> [Problem to work on]: Leave the pictures out. Retype exactly the lines below from the one containing "À l'étage supérieur: 1" through the one containing "Fiat PANDA с", and no others.

> [Excerpts from a dataset]:
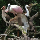 Five large birds of different species mingle on woody debris at Cedar Keys National Wildlife Refuge in Florida.
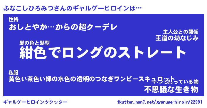 | 女子向けラノベタイトル風あだ名 | 『誰かこのふなこしひろみつを説明してください! ~契約から始まるウェディング~』 |
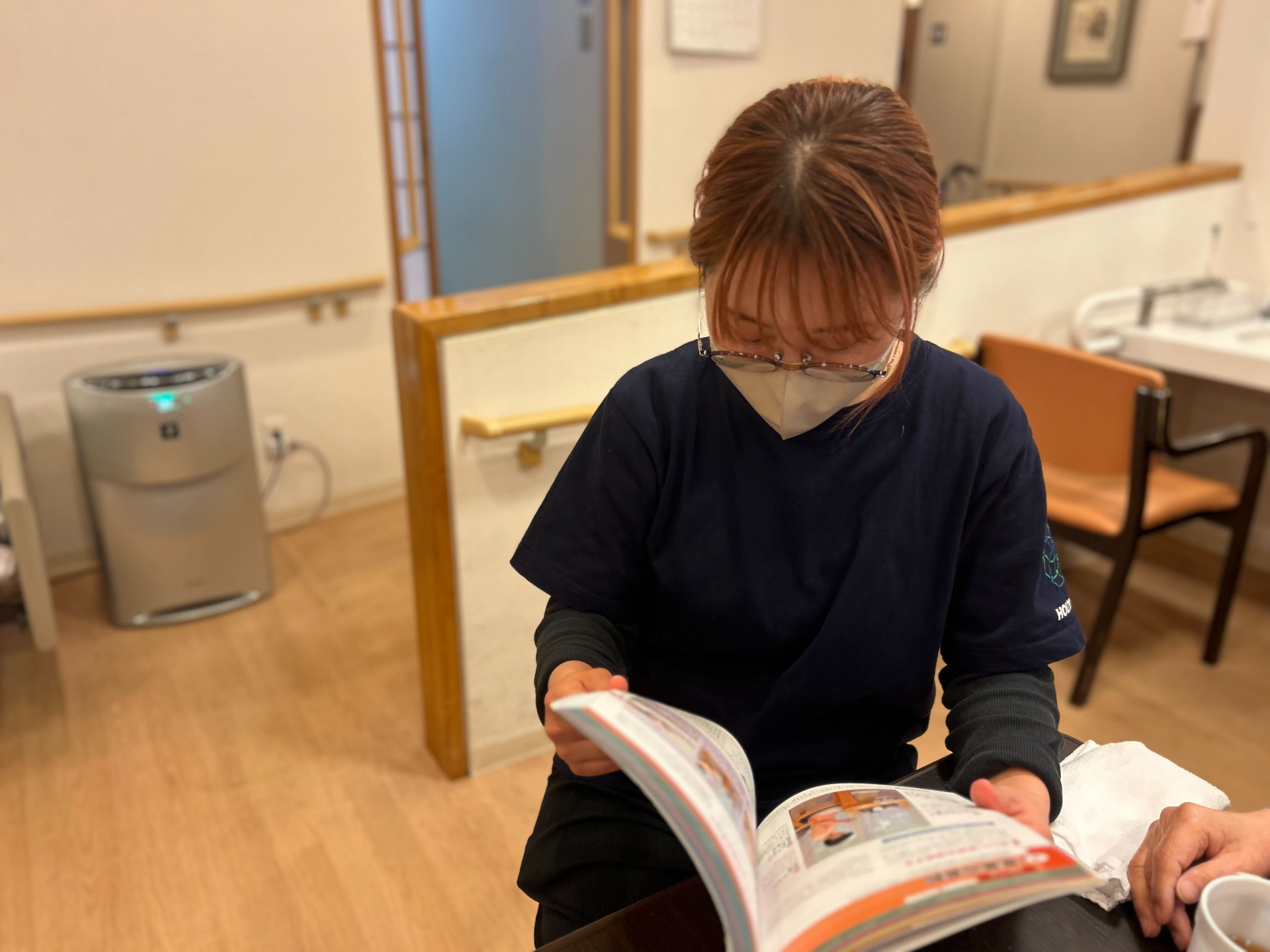 「この本がわかりやすいよと貸していただきました。読んでもいいですか」と酒井スタッフ。
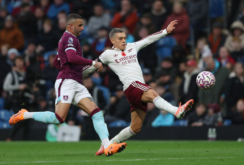 Burnley kalah saat melawan Arsenal pada pertandingan Liga Inggris di Turf Moor, Burnley, Inggris, Sabtu (1/11/2025).
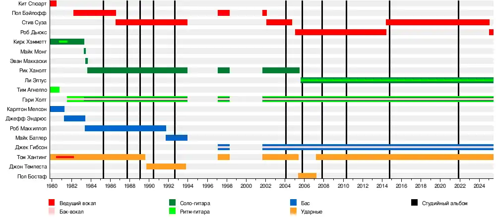 - Стив Суза — ведущий вокал (1986—1993, 2002—2004, 2014—2025)
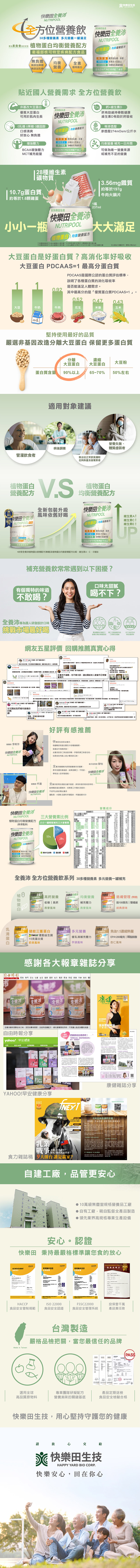 1.商品組合/規格:237ml, 24入/箱 2.商品品名:快樂田全養沛- 植物蛋白均衡營養配方(全素/無添加果糖/燕麥風味) 24入 3.商品重(容)量:0.6kg
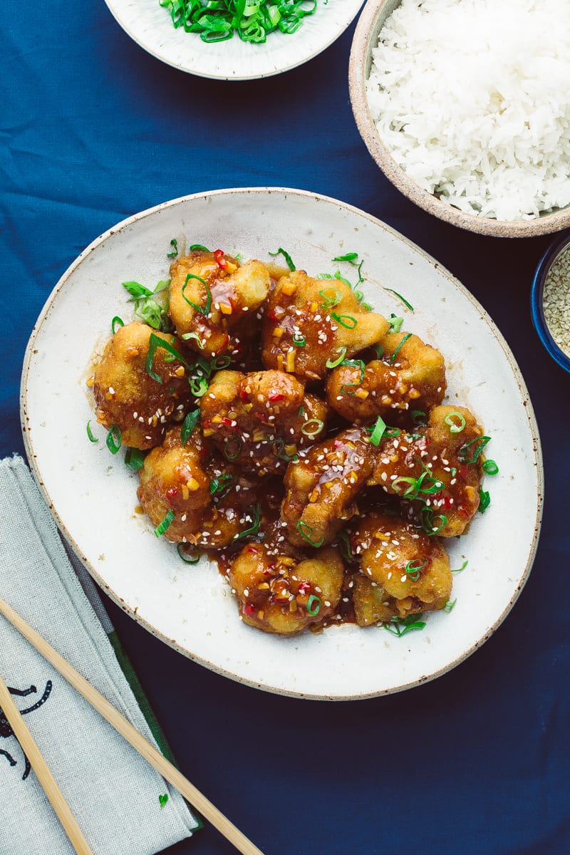 Thanks to cauliflower’s hardiness and versatility it’s broadly available year-round in the UK. The peak season, however, runs from spring until late summer. If you’re looking for other sweet and sour vegetables to substitute for the cauliflower other brassicas like broccoli work great. Alternatively try using par boiled sweet potato cubes for vegetable alternatives to tofu pieces.
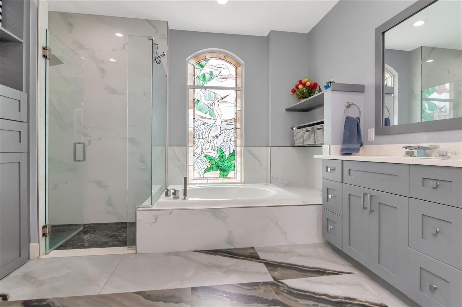 The spacious primary suite offers a private retreat, complete with walk-in closets and a luxurious en-suite bathroom featuring a soaking tub and separate walk-in shower. On the opposite side of the home, three additional bedrooms and two full bathrooms provide comfort and privacy for family or guests.
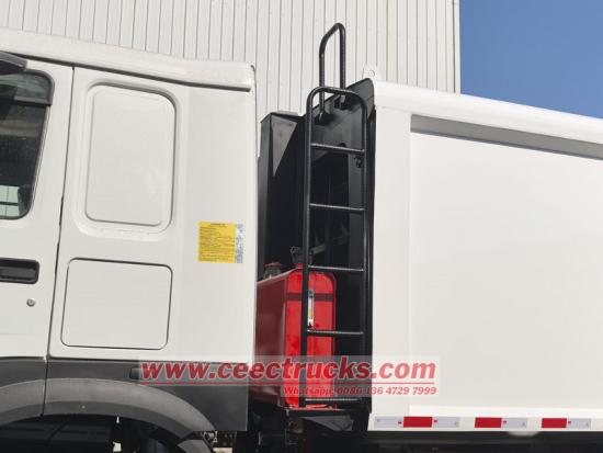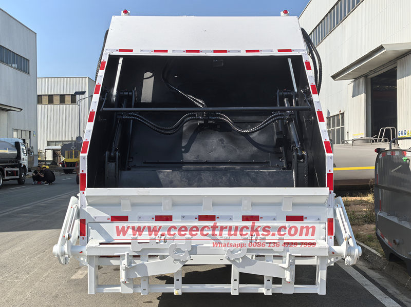 Rear tilting device for 770L and 1100L binsAng HOWO 14cbm rear loader compactor truck ay isang pangunahing kagamitan para sa urban sanitation, na pinagsasama ang mga electromechanical at hydraulic na teknolohiya. Sa panahon ng operasyon, ang hydraulic system ay nagtutulak sa push shovel upang malakas na i-compress ang basura, lubos na binabawasan ang dami ng basura at pinapataas ang solong dami ng transportasyon. Ang ganap na nakapaloob na kompartimento at kagamitan sa pagkolekta ng dumi sa alkantarilya ay epektibong pinipigilan ang pagtagas ng dumi sa alkantarilya at pagkalat ng basura sa panahon ng transportasyon, pag-iwas sa pangalawang polusyon. Kasabay nito, HOWO rear loader compactor truck ay nilagyan ng isang matalinong operating system, sumusuporta sa maramihang mga paraan ng pangongolekta ng basura, at maginhawa at mahusay na gumana.
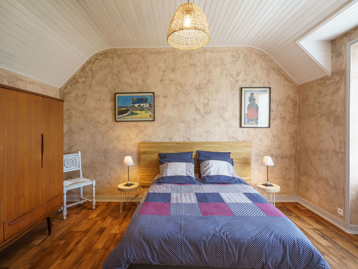 À l'étage supérieur: 1 chambre avec 1 grand-lit (140 cm, longueur 190 cm).
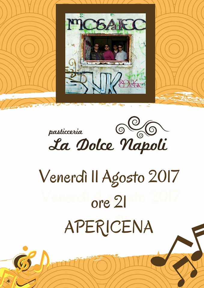 MESSAGGIO PROMOZIONALE – Prosegue l’estate della Pasticceria ‘La Dolce Napoli’. A grande richiesta, in via Nobile a Campobasso, per un’altra grande serata all’interno delle iniziative promosse per il mese di agosto, il prossimo venerdì 11, torna l’apericena con la band ‘Mosaico’, gruppo composto da: Valeriano Zaccaro alla chitarra, Massimiliano Evangelista voice, Riccardo Scinocca alla batteria e Daniele Capra al basso.
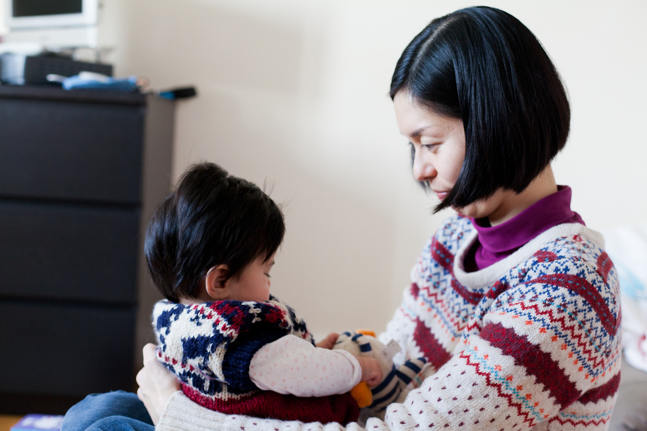 Tomoyo allowed me to photograph her and her 6 months year-old daughter in her place. She was a violinist. Now she is a manager for an orchestra in London.
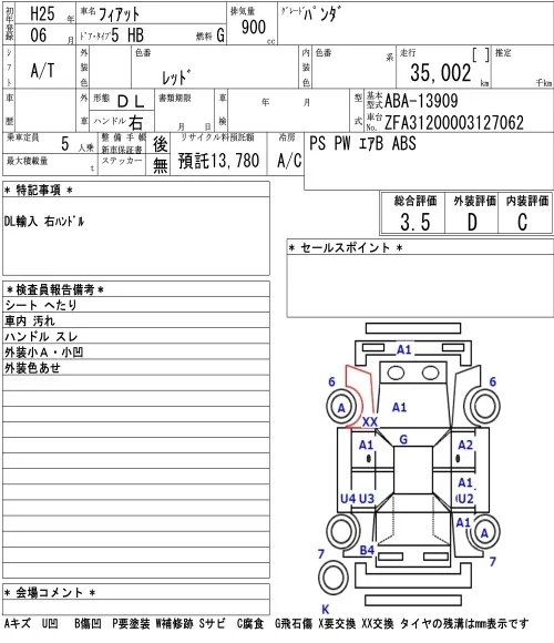 Fiat PANDA с аукциона Японии NAA Tokyo лот № 7003
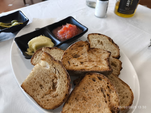 Read moreBuen asador con un comedor con vistas espectaculares. Quiero hacer una valoracion honesta teniendo en cuenta que la nota global es muy buena, que recomiendo el sitio y que volvería sin dudarlo. Es un local especializado en arroces, carnes y calçots pero tienen una variedad en la carta que lo hace muy completo. El servicio ha sido cercano, amable y atento. Los tiempos de la comida han sido perfectos ya que no hemos tenido que esperar ningun plato mas de lo necesario. El ambiente ha sido relajado y bueno ya que llegamos sobre las 13:00 y habia poquita gente. Paso a valorar la comida: Pan con tomate y allioli. Buenisimo. Es perfecto cuando llegas muerto de hambre. Quiza para dos personas habia demasiado pan, pero oye mejor que sobre que no que falte. Ensalada con salsa de setas, queso de cabra y frutos secos. Buenísima, quizá echaba en falta tener mas presente el queso de cabra en medallones o en cubos. El contraste entre el salado y el dulce de las pasas estaba bien equilibrado. La croqueta de jamón. Buena. Me esperaba una bechamel no tan apelmazada. El sabor era bueno pero no espectacular. El tamaño era lo que consiguió enamorarme porque era un croquetón casi como dos croquetas. Calçots. Muy buenos. A la brasa en su punto con su salsa romesco. Entrecot y chuletas. Muy buenos ambos. La carne estaba perfectamente hecha y en su punto. Nos sirvieron una guarnicion de patatas paja con pimientos de padron en un plato a parte. El emplatado de la carne quedaba un poco desangelado. Creo que la guarnicion deberia volver al plato acompañando la carne. Esa union deberia ser imparable. Y creo que las patatas paja no estan al nivel de este plato. Me hubiera gustado unos medallones de verduras (berenjena, calabacin, esparragos, etc) a la brasa o patatas fritas tradicionales acompañando el principal. No tuvimos oportunidad de probar los postres por la prisa pero estoy seguro de que estaban muy buenos! Lo recomendaria...
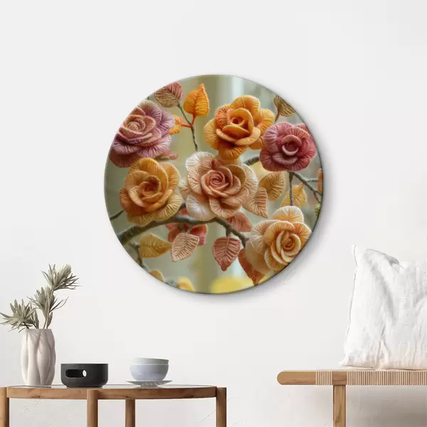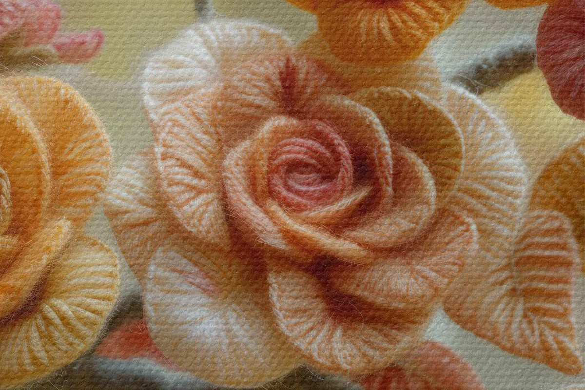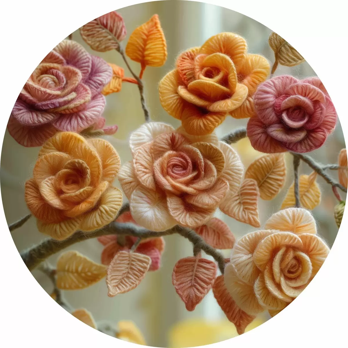 Pilt Pehmest, kohevast villast puidule kootud roosid Nr r40674
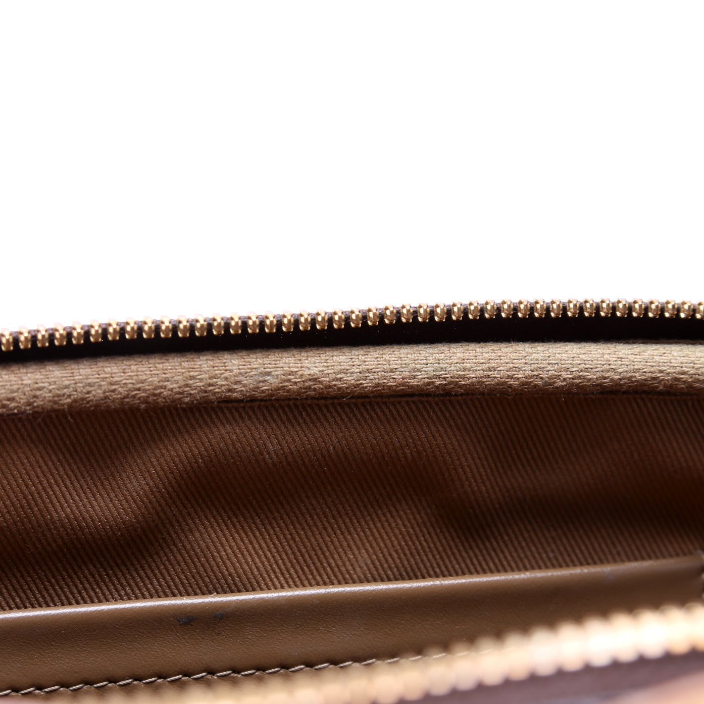 Interior: The interior has minor stains. The interior features one open pocket. The small pouch has minor scuffs and discoloration to the interior.
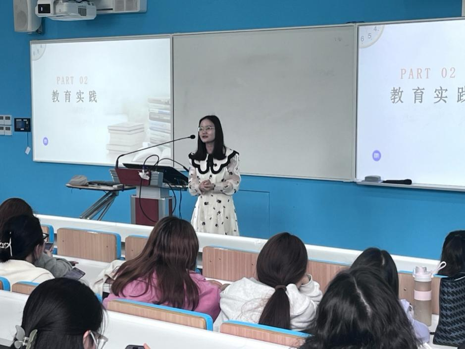 最后,由杨丹飞从“学术研究心得和教育教学实践”展开分享,同样作为已经毕业工作的学姐,她高度关注思维性、情感性的课堂,以课堂学习为跳板,以课外研学为动力圈,不断突破、挑战自我。她发表的《潮起云涌之衙前农民运动》荣获杭州师范大学第四届“云师友”线上线下混合式教学设计与实践一等奖。在科研上,总共发表3篇论文,《微课在初中语文教学中的应用研究》论文荣获微课论文国家级一等奖。实习经验丰富,能组织多种教学方式,灵活教学。
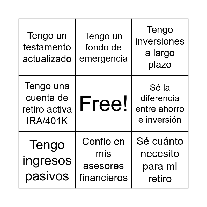 This bingo card has a free space and 20 words: Tengo un seguro de vida o incapacidad, Sé cuánto recibirá mi pareja en sus retiro, Tengo inversiones a largo plazo, He considerado los costos de salud en mi retiro, Tengo un plan de retiro, Sé cuánto necesito para mi retiro, He hablado con mi familia sobre mi retiro, Tengo un testamento actualizado, Tengo un hobby para cuando me retire, Tengo un fondo de emergencia, Sé cuál será mi fuente principal en mi retiro, He dicho "después lo veo" cuando me hablan de mi retiro, Sé la diferencia entre ahorro e inversión, Pago el balance de mis tarjetas de crédito cada mes, Tengo ingresos pasivos, Tengo un plan para asegurar el bienestar de mis hijos, Confio en mis asesores financieros, Tengo una cuenta de retiro activa IRA/401K, Tengo un plan para mantenerme activa en mi retiro and Sé cuánto gasto al mes.
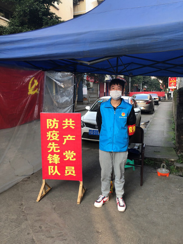 在疫情防控爆发期间,在县政府号召和家人的支持下,经济与管理学院191会计3班张世钊。张世钊不惧疫情风险、主动请缨,加入了筠连县中城社区开展志愿服务,目前成为了一名在中城社区幸福街检查点的志愿者。他用行动接受着考验,践行着新时代青年的初心和使命。进行志愿服务。
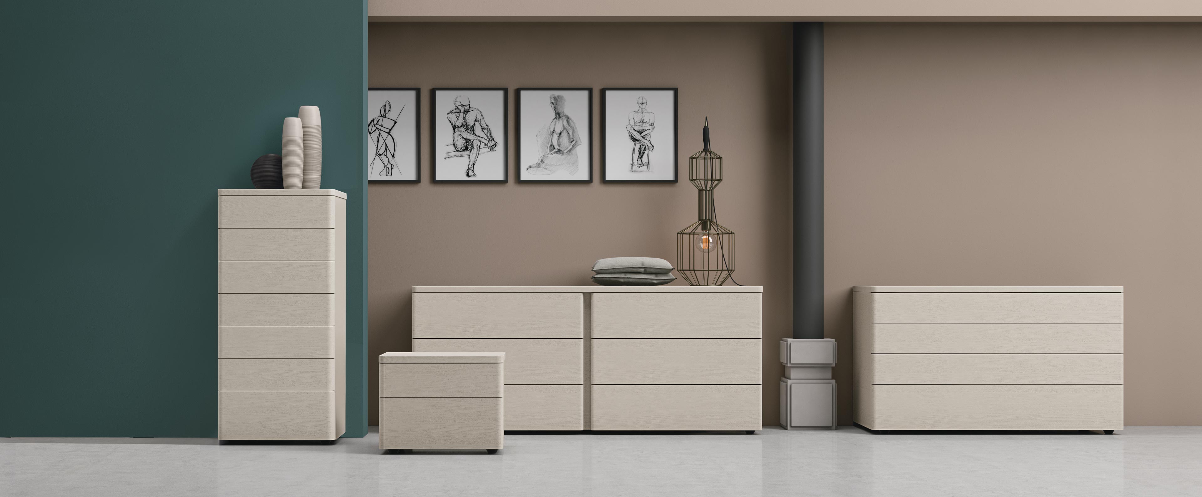 TMS. Dolcevita hálószoba komód és éjjeliszekrény különböző méretekben. Valamennyi változat tökéletes egyensúlyba hozza ívelt vonalait az egyébként határozott formavilágukkal. Sokféle színben és borítással kapható, hogy biztosan kiemelkedő esztétikus darabja lehessen hálószobájának.
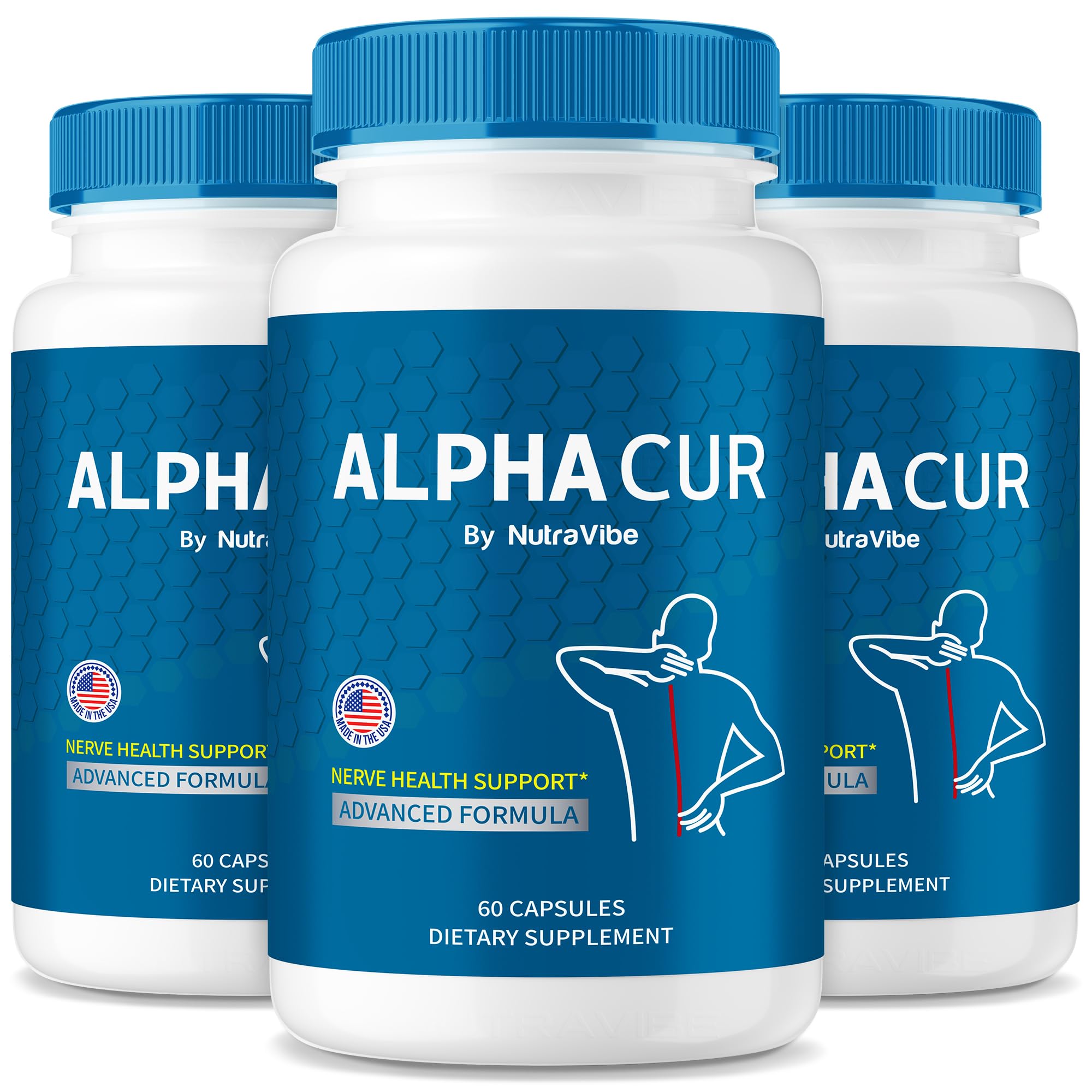 NutraVibe (3 Pack) AlphaCur Capsules Alphacur for Neuropathy All Natural AlphaCur Pills for Healthy Nerves Premium Alpha Cur Pastillas Review (180 Capsules)

> [Exercise solution]:
 À l'étage supérieur: 1 chambre avec 1 grand-lit (140 cm, longueur 190 cm).
 MESSAGGIO PROMOZIONALE – Prosegue l’estate della Pasticceria ‘La Dolce Napoli’. A grande richiesta, in via Nobile a Campobasso, per un’altra grande serata all’interno delle iniziative promosse per il mese di agosto, il prossimo venerdì 11, torna l’apericena con la band ‘Mosaico’, gruppo composto da: Valeriano Zaccaro alla chitarra, Massimiliano Evangelista voice, Riccardo Scinocca alla batteria e Daniele Capra al basso.
 Tomoyo allowed me to photograph her and her 6 months year-old daughter in her place. She was a violinist. Now she is a manager for an orchestra in London.
 Fiat PANDA с аукциона Японии NAA Tokyo лот № 7003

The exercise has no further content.